### ASSIGNMENT
Begin your copy at the line with "アートパネル 動物 18×13.5cm" in the records below and end it at the line with "個別に、新出漢字の学習をしているようすと、算数ドリルで計算を頑張るようすです。", restating each line word for word; omit the pictures.

### RECORDS SHOWN
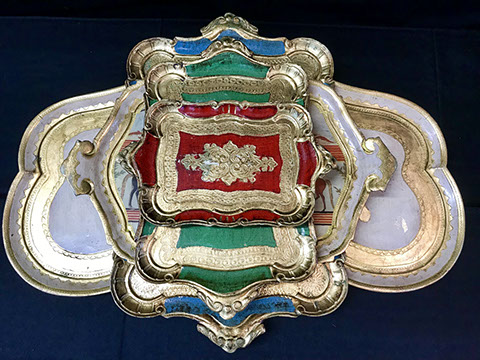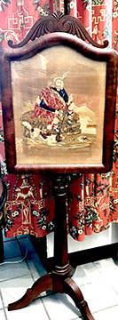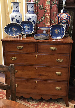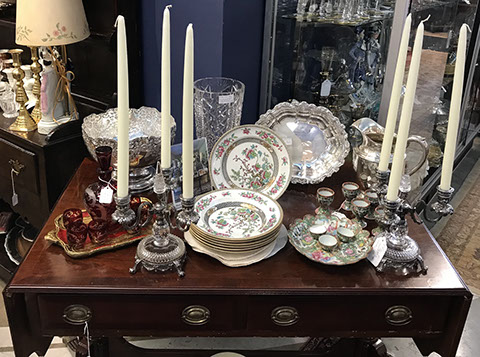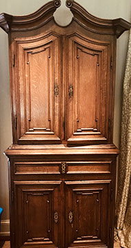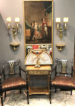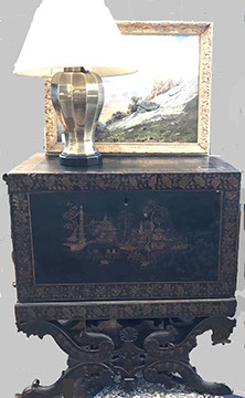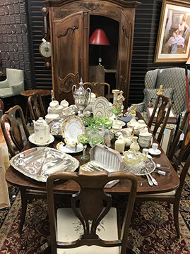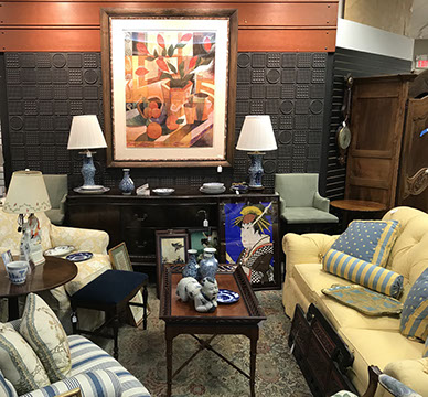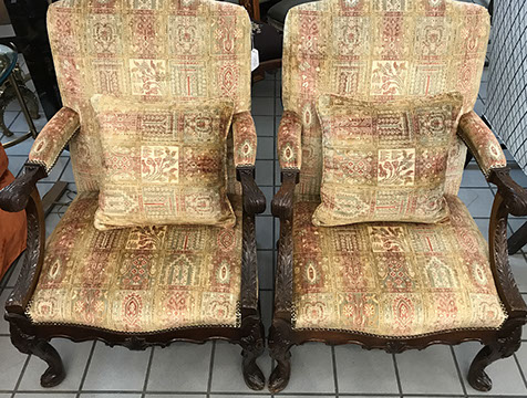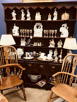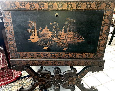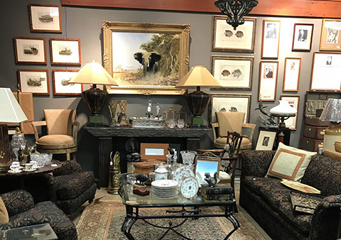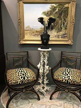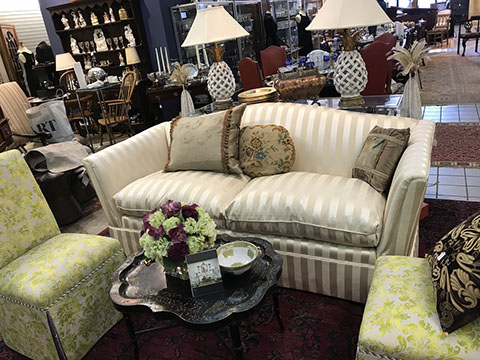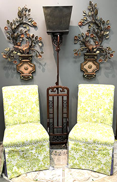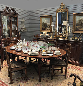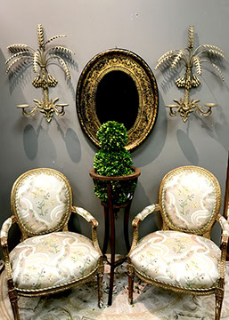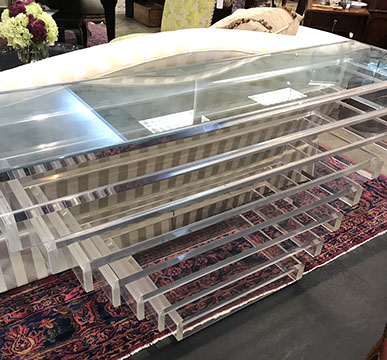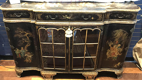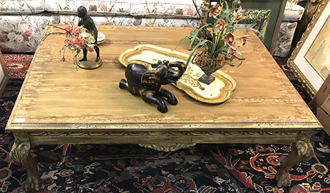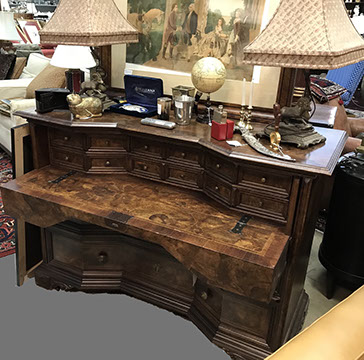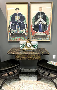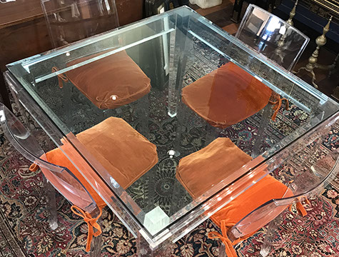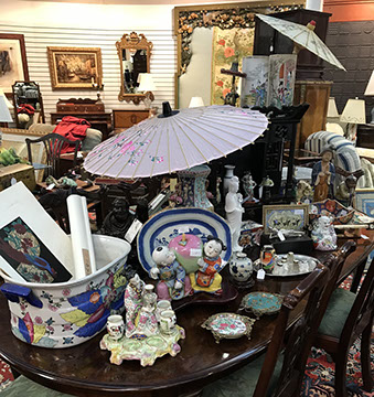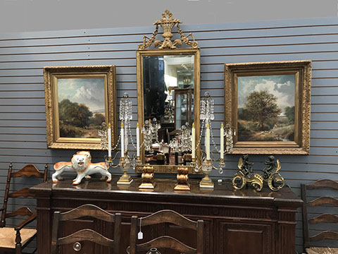 American & French antiques, Fine Upholstered Furniture, Mid-Century Modern, and Designer Furniture; Fine Leather Furniture, Victorian Bamboo Furniture, French Armoires, American Wicker Furniture, Hanging Wall Cabinets, Miniature Sideboard from Late 18thCentury with Two Wine Drawers, Dining Room Suites, Pine Country French Four Door Chest, English Stepback Cupboard with Original Handmade Hooks, English Chest of Drawers, Wrought Iron Stands Depicting Birds in Flight, Chinese Chippendale Style Chinoiserie Cabinet, Chinese Chippendale Sideboard with Chinoiserie Décor, Antique Chinoiserie Backgammon Table, Chinoiserie Chinese Caskets on Legs, Chinese Bamboo Cabinet, Lucite Table with Glass Top made by Merritt-Emanuel Ltd. (very hard to find), Lucite Chairs “La Marie” by Stark for Kartel, Lucite Sideboard, English Secretary, Oval English Dining Table, Victorian Table from the Aesthetic Movement Attributed to the Herter Brothers, Round Black Marble Top Center Tables, Set of Ten High Backed Upholstered Chairs, Portable Prie Dieu, Tuxedo Style Sofa & Arm Chairs, Pair of Matching Fortuny Upholstered Chairs, Fortuny Upholstered Sofa, Tan Leather Sofa with Four Matching Club Chairs, Contemporary Velvet Sectional, Wrought Iron Bar Stools, English Period Hepplewhite Sofa with Six Leg, Ornate Handmade Shell Headboard Commissioned by Mrs. McMahon, Lucite Headboard, Hand Carved Oriental Headboard Over Silk Padding, English Breakfront Style Entertainment Cabinet Made Specifically by RCA, Baldwin Grand Piano, Chickering Grand Piano in an Ebony Case, Pair of Giacometti Inspired Mid-Century Modern Handmade Gold Plated End Irons, Matching Pair of Persian End Irons, French Chenets, Canon Style Brass Coal Scuttle, Faux Painted Corinthian Column.
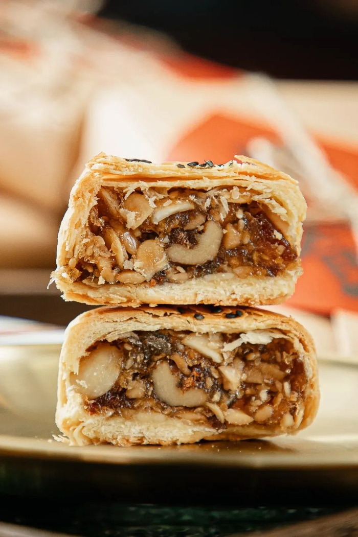 再瞧瞧兔匪货社酥到掉渣的本式五仁,金黄的酥皮之下藏着巨多的五仁馅料,入嘴丰富的口感能把人带上云端。
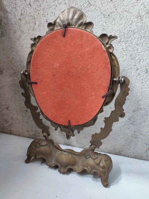 ancien miroir de table art deco en bronze a decor de fleur et doiseau en etat correct
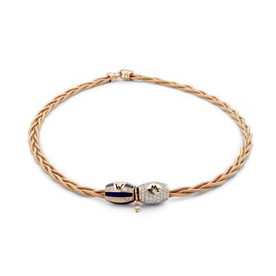 composed of four woven strands, with a pavé-set diamond rondel, and another with blue enamel and diamond detail, and a small diamond set 'W' pendant, stamped GERMANY 750
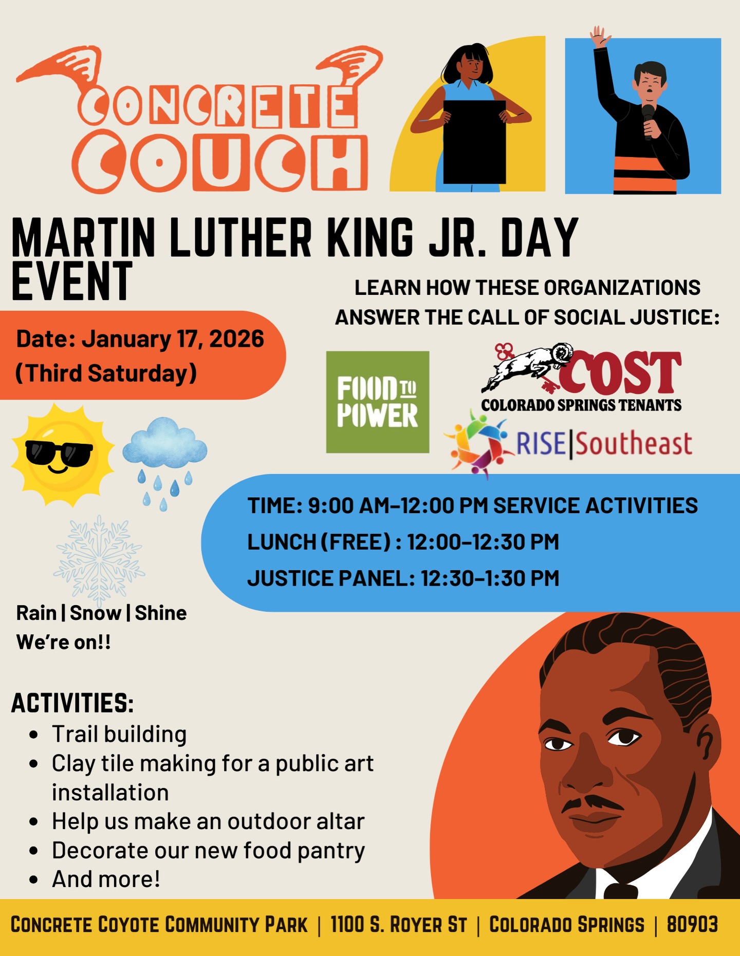 Trail making Clay tile making for a public art installation Help us make an outdoor altar Decorate our new food pantry And more! Learn how these orgs answer the call of social justice: Food to Power COST: Colorado Springs Tenants RISE Southeast There will also be lunch (free)!
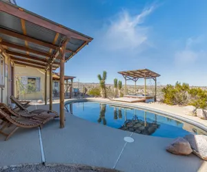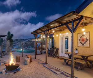 Make yourself at home at Lunar Vista Ranch, a stylishly, cozy property that trades the hustle of the city for mountain views and poolside lounging.This five-acre property is curated for those who want a curated outdoor experience without leaving home; you can challenge friends to a round on the private 9-hole disc golf course or spend a slow afternoon lounging by the pool. As the desert air cools, the hot tub becomes the best seat in the house for stargazing, offering an incredible view of the night sky.
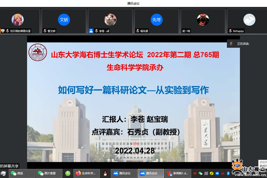 [本站讯]4月28日,由山东大学研究生院、党委研究生工作部主办,生命科学学院承办的2022年第2期(总764期)研究生学术活动“海右”博士生论坛于青岛校区举行。生命科学学院博士研究生李苍和赵宝瑞担任主讲人,石秀贞老师作为点评嘉宾出席论坛。
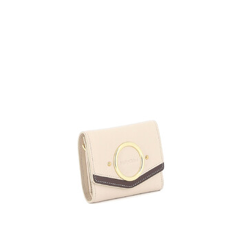 See By Chloe Ladies Wallets. SKU: CHS19AP88856524H. Color: Cement Beige. Size: W 4.33 x H 3.54 x D 0.79 inches. Aura Small Trifold Wallet is a stylish and compact accessory, perfect for everyday elegance. Crafted from high-quality pebbled leather, this wallet features a sophisticated gold-tone metal ring detail on the front, complemented by leather trim and contrast stitching. The snap-button closure ensures security, while the interior unfolds to reveal multiple compartments for cards, cash, and essentials. The subtle embossed See by Chloe logo adds a refined touch, making this wallet both fashionable and functional. 100% Leather.
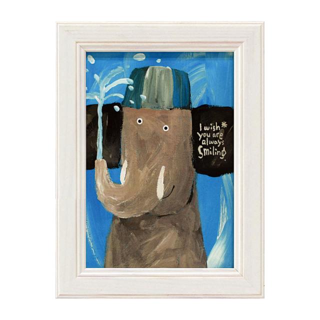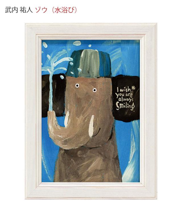 アートパネル 動物 18×13.5cm 武内祐人 ゾウ 壁掛けアート アート パネル 北欧 壁掛け 卓上 両用 子供部屋 インテリア 小さい 絵 かわいい おしゃれ 武内祐人 ぞう 水浴び アートフレーム
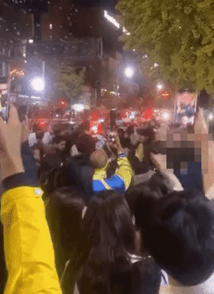 救急車の前で踊って歌って「セックス」叫ぶ韓国人たち
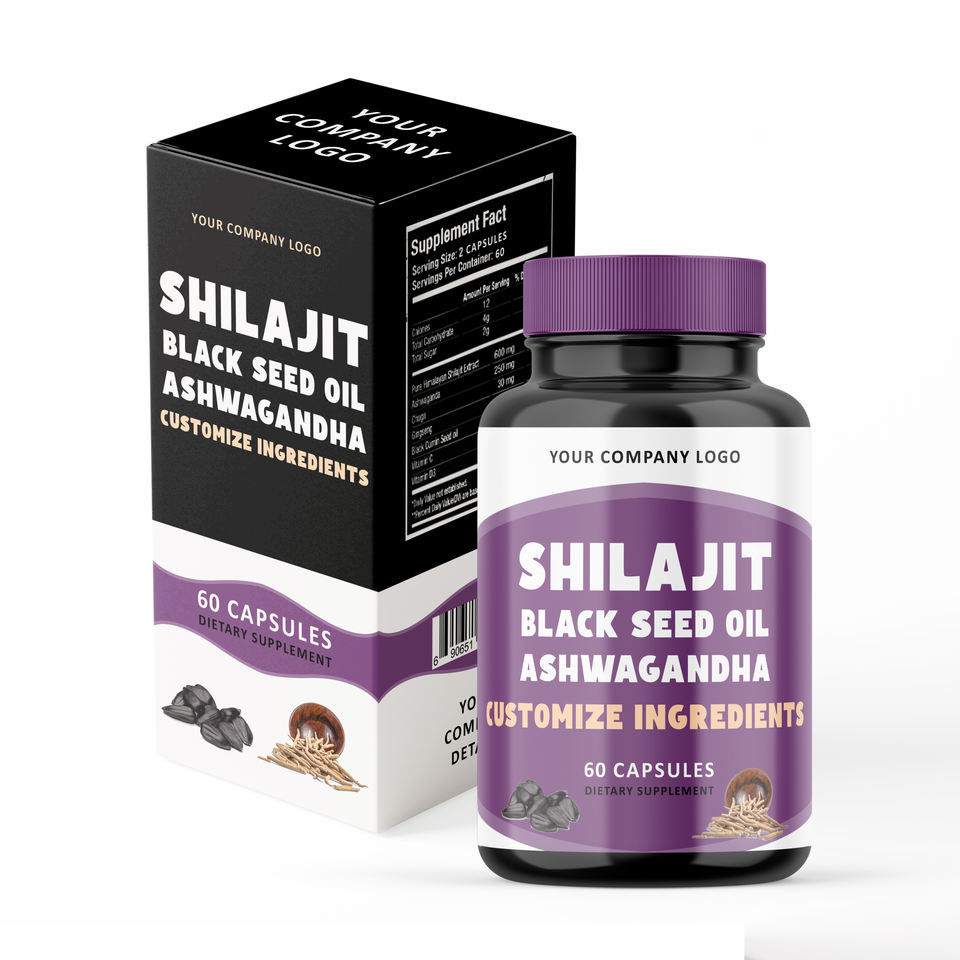 ชื่อผลิตภัณฑ์:Shilajit พร้อมน้ำมันเมล็ดสีดำ Ashwagandha และแคปซูลที่กำหนดเอง
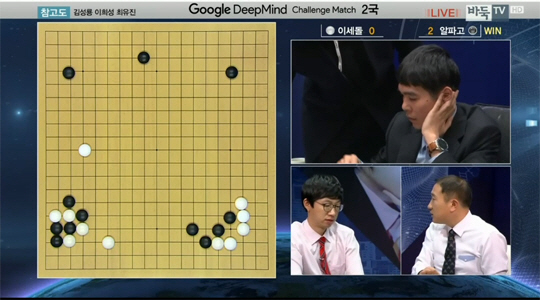 SBS 해설진은 "이렇게 되면 이세돌 9단은 5-0 패배를 예상해야될 상황까지 왔다. 오늘처럼 뒀는데 지면 앞으로 어떻게 둬야할지 모르겠다"라며 "첫 수를 천원에 둬야하나 생각된다"라며 좌절감을 드러냈다.
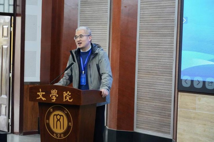 学院党委书记秦松致欢迎辞,他介绍了学院在学科建设与人才培养方面的积淀与成就,并指出会议旨在落实教育家精神铸魂强师,加强新时代高素质专业化教师队伍建设,通过搭建交流平台,探索师范专业改革发展新路径,共同推动语文教育事业创新发展。
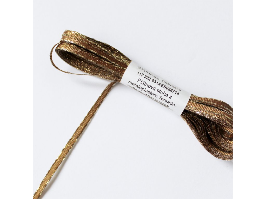 Stuha plátnová s metaloplastem Torsade, v šířce 3mm, svazek 10 metrů.
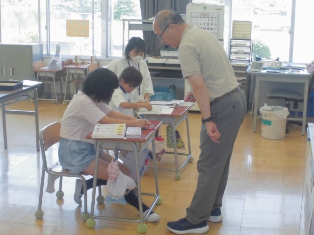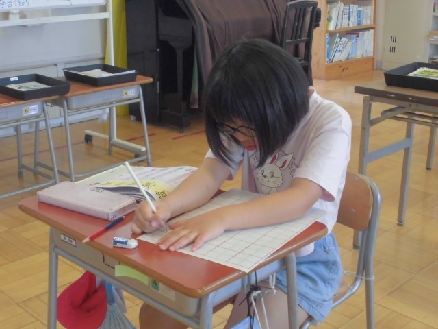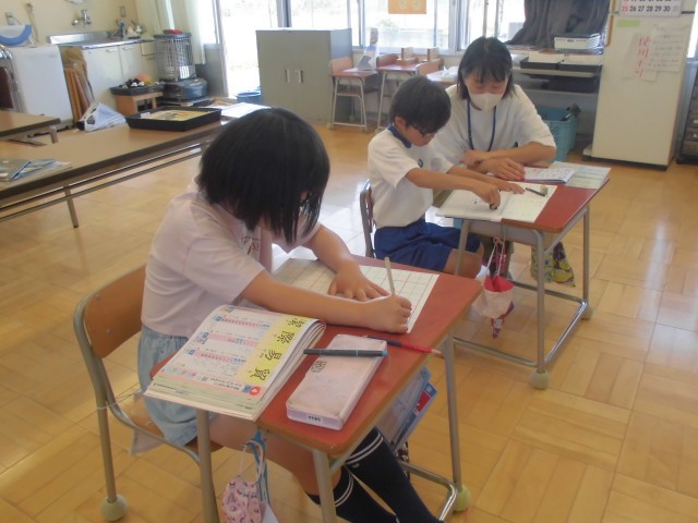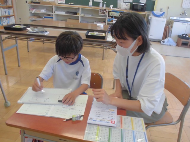 個別に、新出漢字の学習をしているようすと、算数ドリルで計算を頑張るようすです。
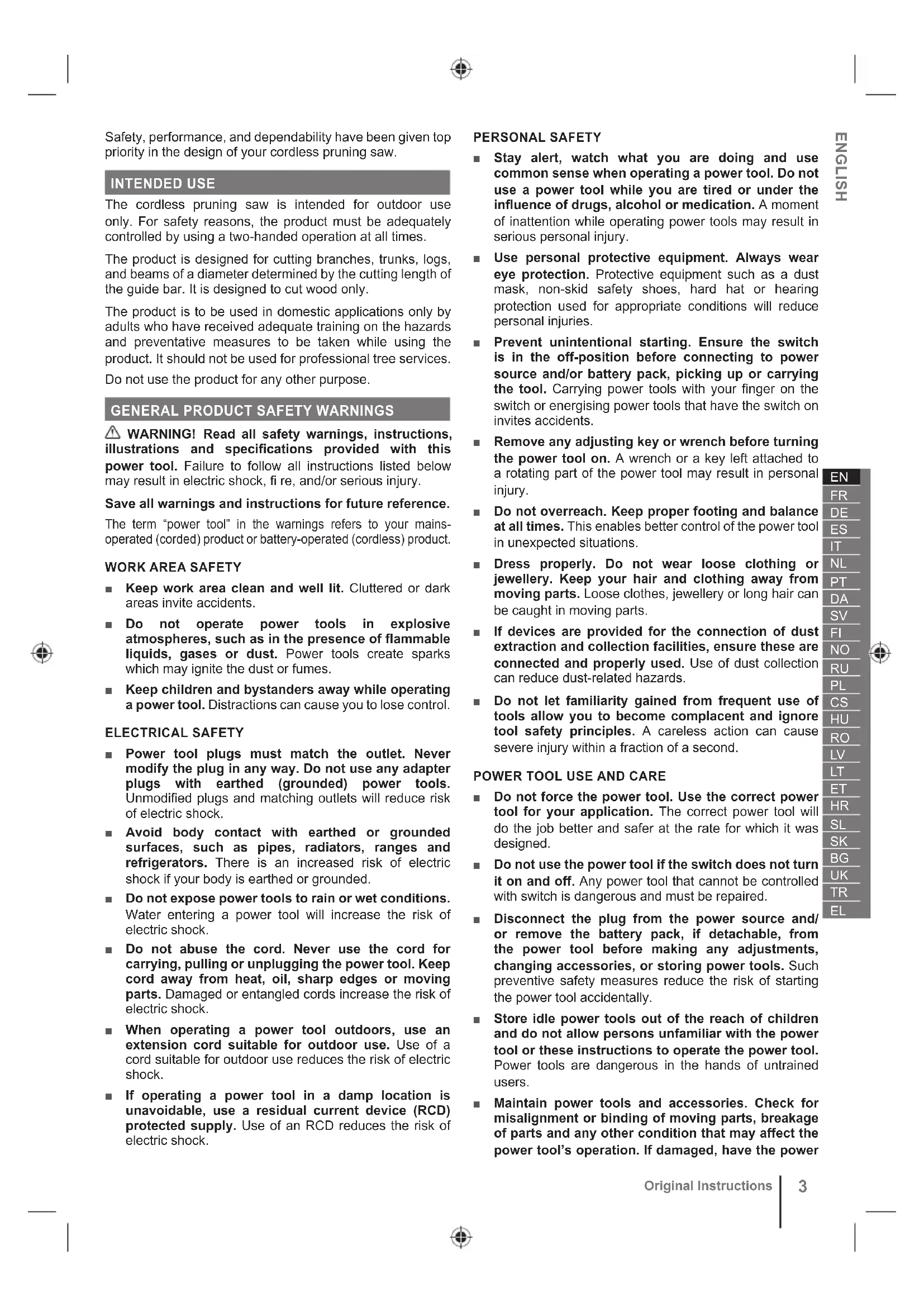 Original Instructions Safety, performance, and dependability have been given top priority in the design of your cordless pruning saw. INTENDED USE The cordless pruning saw is intended for outdoor use only. For safety reasons, the product must be adequately controlled by using a two-handed operation at all times. The product is designed for cutting branches, trunks, logs, and beams of a diameter determined by the cutting length of the guide bar. It is designed to cut wood only. The product is to be used in domestic applications only by adults who have received adequate training on the hazards and preventative measures to be taken while using the product. It should not be used for professional tree services. Do not use the product for any other purpose.
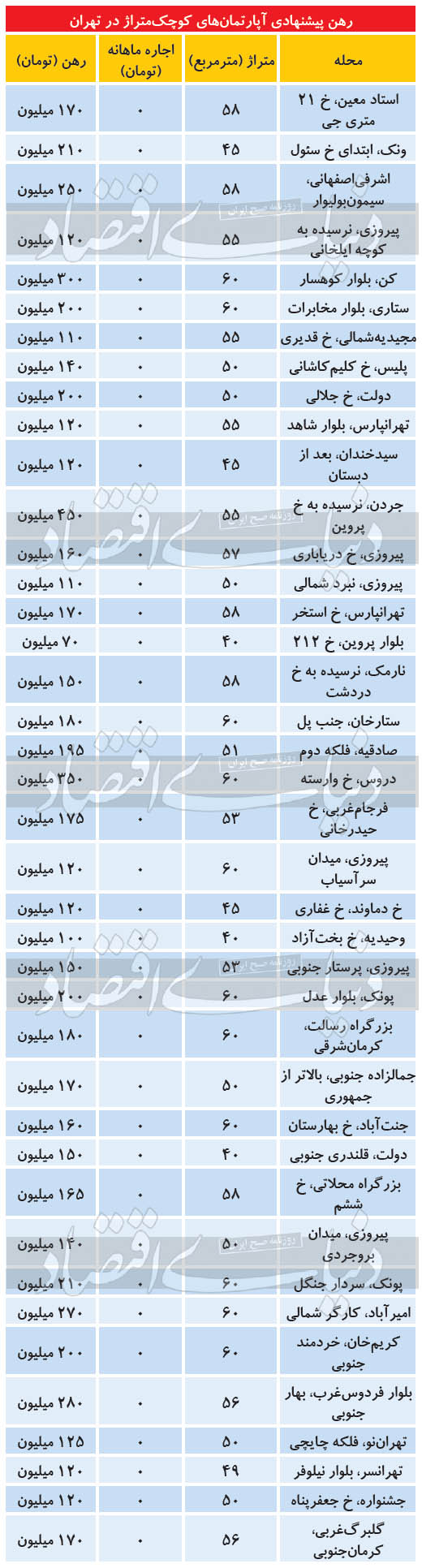 قیمت رهن برخی خانه ها را در جدول زیر مشاهده می کنید.
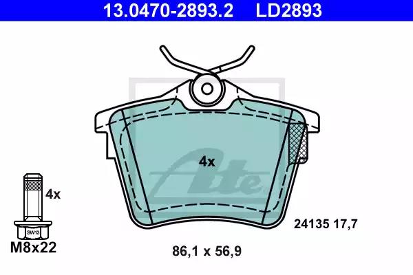 Комплект гальмівних накладок, дискове гальмо для авто від виробника ATE, який має артикул 13047028932.

### OUTPUT FOR THIS EXERCISE
 アートパネル 動物 18×13.5cm 武内祐人 ゾウ 壁掛けアート アート パネル 北欧 壁掛け 卓上 両用 子供部屋 インテリア 小さい 絵 かわいい おしゃれ 武内祐人 ぞう 水浴び アートフレーム
 救急車の前で踊って歌って「セックス」叫ぶ韓国人たち
 ชื่อผลิตภัณฑ์:Shilajit พร้อมน้ำมันเมล็ดสีดำ Ashwagandha และแคปซูลที่กำหนดเอง
 SBS 해설진은 "이렇게 되면 이세돌 9단은 5-0 패배를 예상해야될 상황까지 왔다. 오늘처럼 뒀는데 지면 앞으로 어떻게 둬야할지 모르겠다"라며 "첫 수를 천원에 둬야하나 생각된다"라며 좌절감을 드러냈다.
 学院党委书记秦松致欢迎辞,他介绍了学院在学科建设与人才培养方面的积淀与成就,并指出会议旨在落实教育家精神铸魂强师,加强新时代高素质专业化教师队伍建设,通过搭建交流平台,探索师范专业改革发展新路径,共同推动语文教育事业创新发展。
 Stuha plátnová s metaloplastem Torsade, v šířce 3mm, svazek 10 metrů.
 個別に、新出漢字の学習をしているようすと、算数ドリルで計算を頑張るようすです。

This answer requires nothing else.